It’s been a week since we returned home from my fall tour, but I feel like I’m just getting out of the car. Everything is still a little hazy in the aftermath of my first bout with the flu in as long as I can remember. Thankfully I am on the mend and feeling well enough to get a little work done. I’ve been mulling something over for a few weeks, wanting to share some thoughts with you about my life as a small time singer/songwriter.
After one of the concerts last month, someone asked me, “Are you ever disappointed when you come to small churches?”

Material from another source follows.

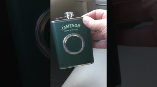 Pullo, viski Jameson, jolla on oma sisäänrakennettu lasi.

It had been a tense night after the pastor of said church told me there would be a last minute venue change and likely a small crowd. What I do isn’t easy. Writing, recording, booking, traveling, performing, advertising, promoting, and on and on… all with the uncertainty of an income that is based on sales and donations. Will this church be generous? Will they buy CDs? Did they understand when they invited me here that this is my livelihood?

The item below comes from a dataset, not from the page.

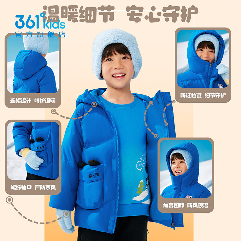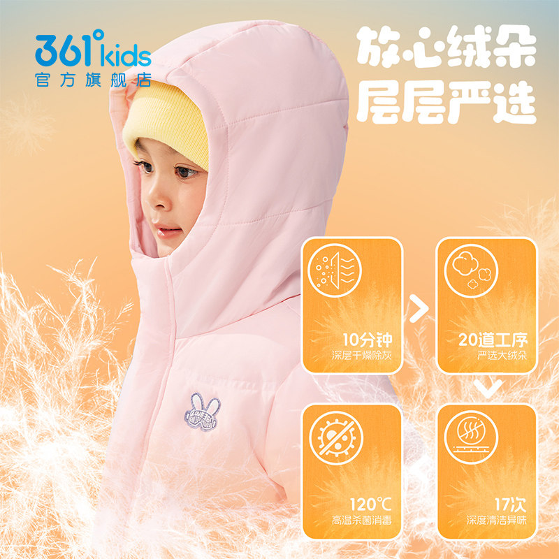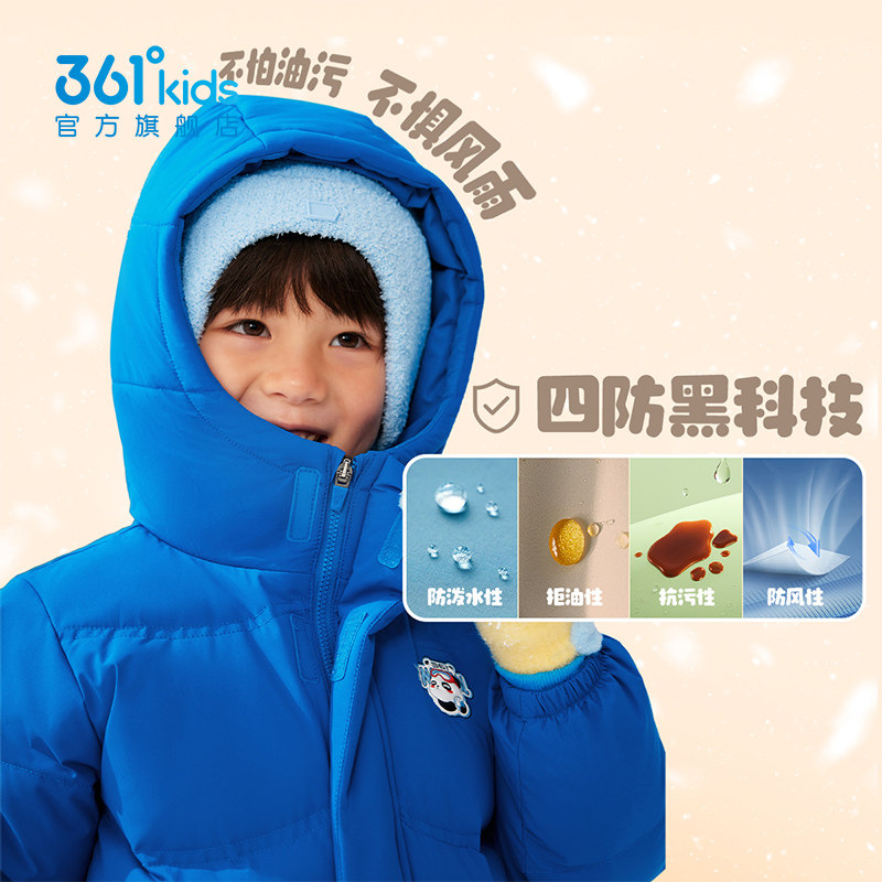 四防科技|361度童装男童连帽中长女童羽绒服冬季新款儿童加厚外套

I can’t say that I don’t worry sometimes. I do. Sometimes I am stressed to the max. But earlier that night the Lord had spoken to my heart… through my own songs, and His peace had come over me. I work for God, and that means a level of uncertainty that most folks would not tolerate, but it also means that God provides for me, and He’s never failed to come through.

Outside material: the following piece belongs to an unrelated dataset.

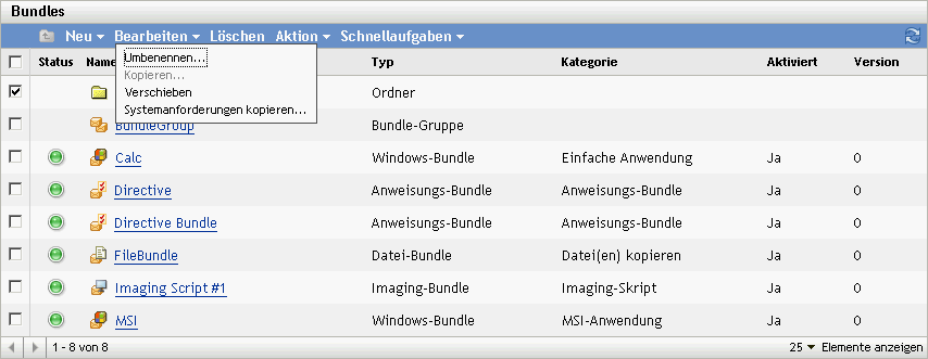 Verwenden Sie die Dropdown-Liste auf der Seite „Bundles“, um ein bestehendes Objekt zu bearbeiten. Um auf die Dropdown-Liste zuzugreifen, müssen Sie ein Objekt wählen, indem Sie das Kontrollkästchen neben dem Objektnamen in der Liste aktivieren.

Am I ever disappointed when I come to a small church? It can be a temptation, but I try to remember that small churches are often the fullest, the most hospitable, and the most generous churches we visit. In fact things turned out better than I was led to expect on the night in question, and we had an engaged and generous group turn up that really made us feel welcome and appreciated. That night I was reminded once again that the Lord provides.
A warm thank you to everyone in Wisconsin and Minnesota who came out to hear the music and share your support. You made this fall tour a great success. We’re glad we came!